In short, the QDR airlift decisions are neither sound strategically nor a wise use of the taxpayer’s resources.
The Bottom Line
While some in the military continue to insist that the authors of MCS only took strategic realities into consideration, it is clear that financial constraints played a major part in the paring down of the transport fleet. Budgeters, anxious to cut short-term costs, reportedly gave up on finding the funds to buy additional C-17s, deciding instead on a treacherous path of cut corners, hedged risks and greater future costs.
Fortunately, the Air Force has recently revisited this decision and now reflects Airlift Capability Upgrades – i.e., the further purchase of 7 additional C-17s – as its Number One unfunded priority in the FY 2007 defense budget.
In addition, the commander of U.S. Transportation Command (TRANSCOM), Gen. Norman Schwartz, joined Air Force officials in voicing strong support for the purchase of at least 20 more C-17s in 2 March testimony before the House Armed Services Committee.

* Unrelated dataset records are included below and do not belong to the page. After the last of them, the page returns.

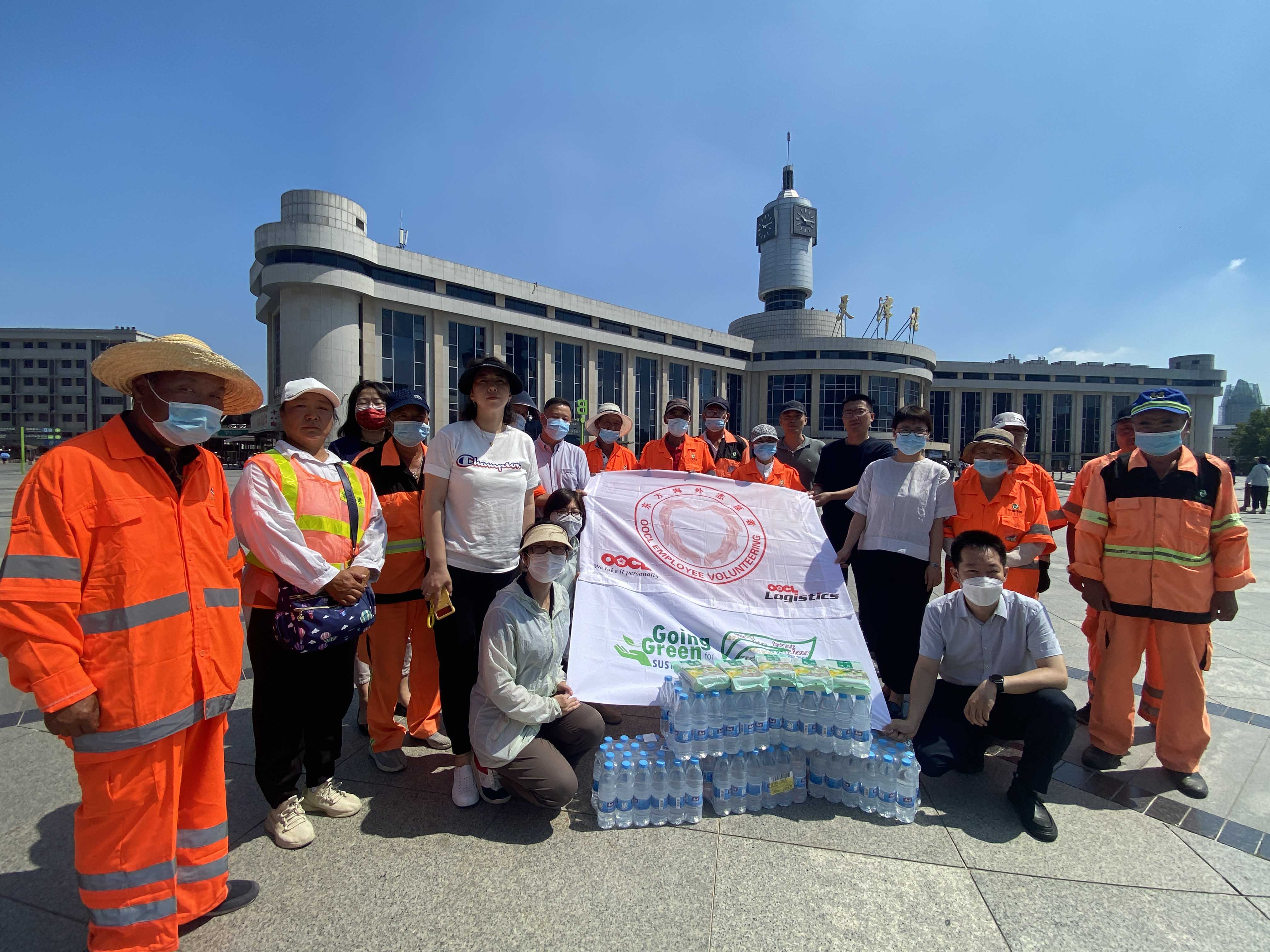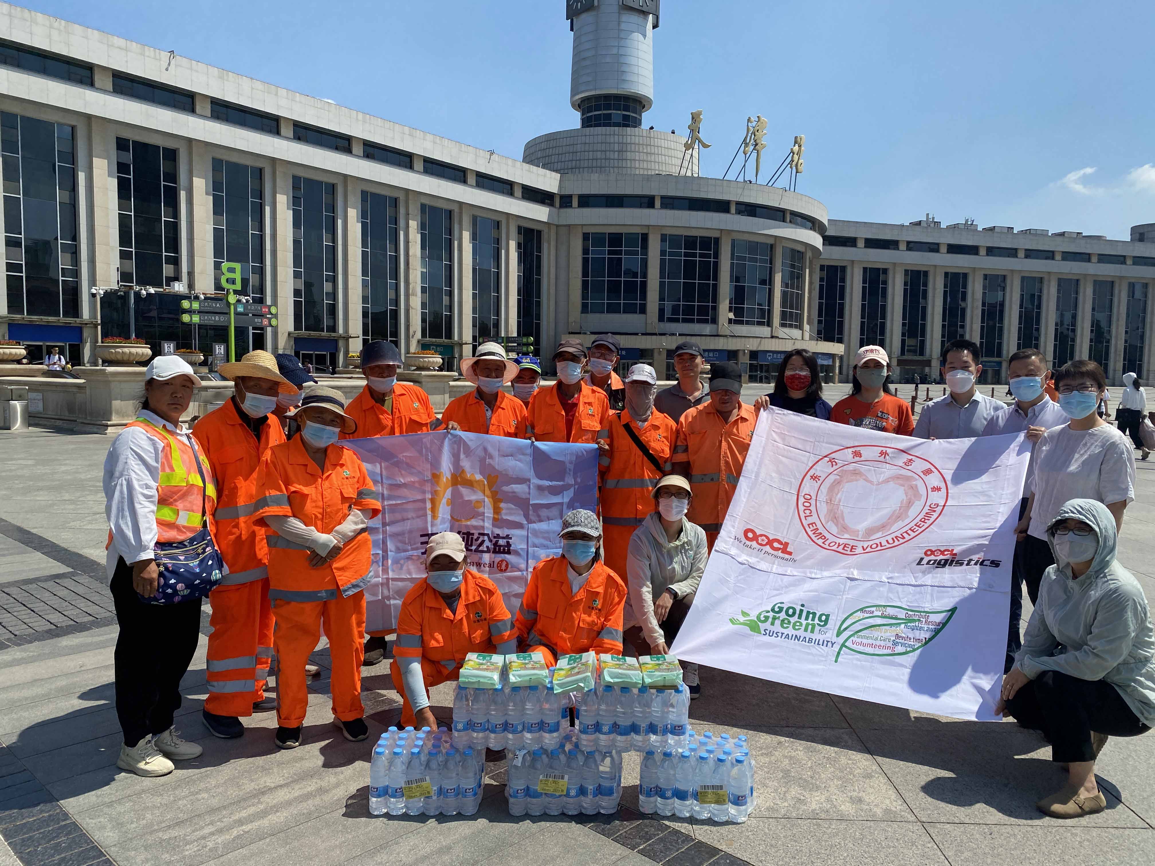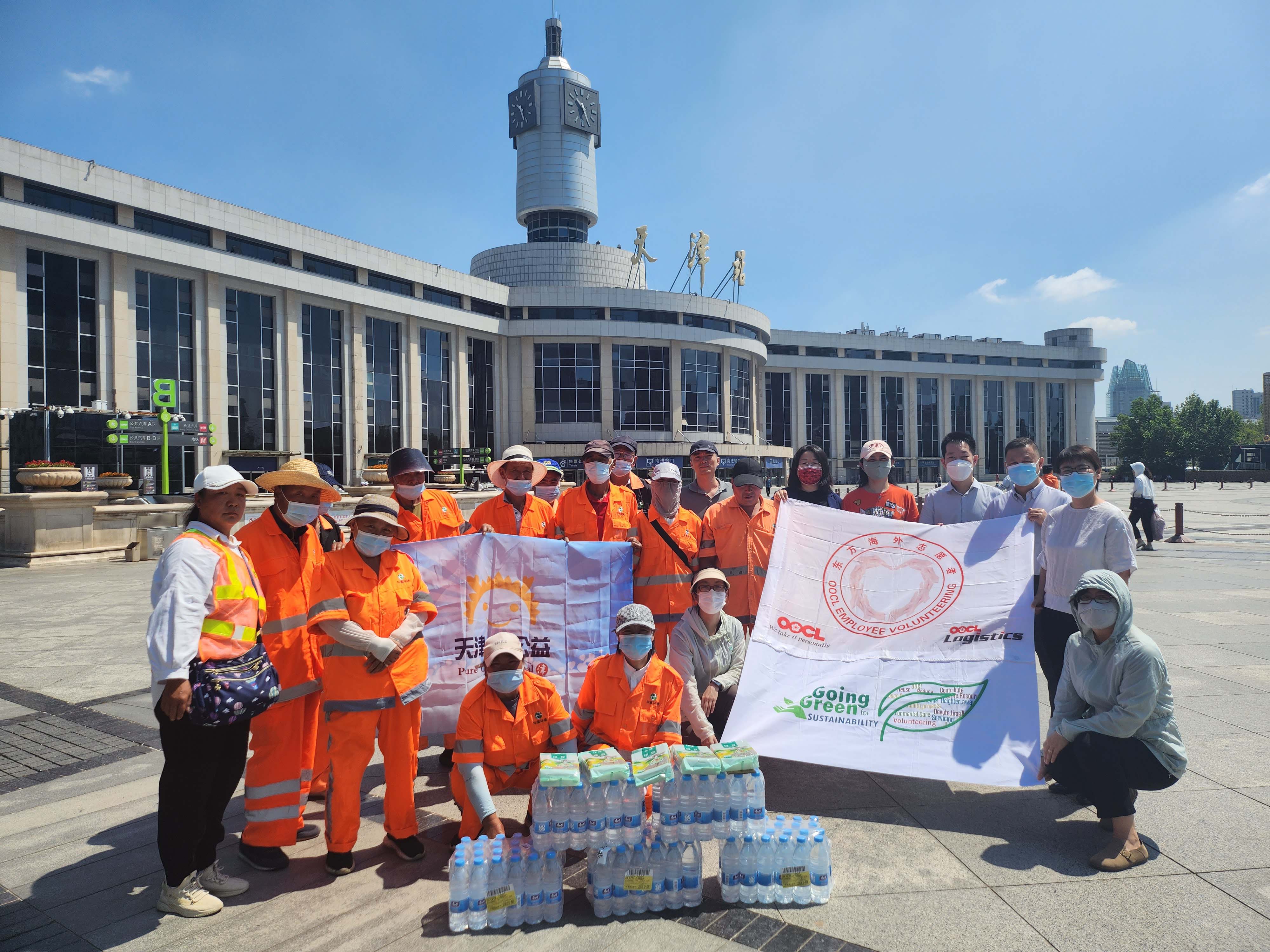 一份清凉、一份关怀、一份爱心。近日,天津纯公益志愿服务队携手东方海外物流(中国)有限公司天津分公司在天津站广场为华富河东项目的环卫工人们送上了“清凉大礼包”,冰凉的矿泉水、解渴的绿豆汤为酷暑的夏日带来了几丝清爽,不少环卫工人们露出了灿烂的笑容。
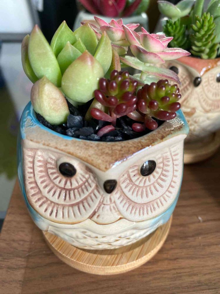 Amazonで購入したふくろうの植木鉢かわいい😳さっそく届いたので植えてみました🍀*゜左端の緑の子は挿し木?セットみたいなパッケージで購入した子で、根っこがでてきたところです♪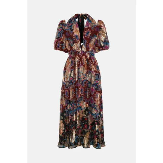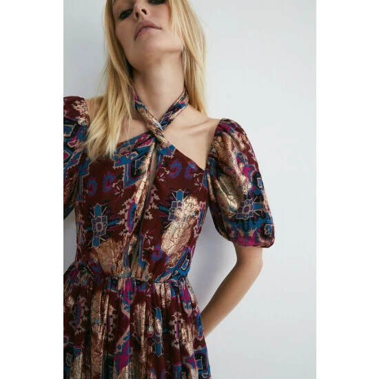 89% Viscose 6% Metallised fibre 5% Polyester. Model wears a UK size 10. Length from SNP: 130cm.

With national security policy unalterably attached to the principles of rapid deployment and the distant projection of power, the idea that our military can make due with less airlift and still complete its missions is unsustainable. If our leaders truly believe in the defense transformation they so often espouse in public, let them prove it by ensuring that our nation’s airlift fleet has the numbers of modern aircraft to assure the needed world-wide operational flexibility and capability, and the funding required to provide them.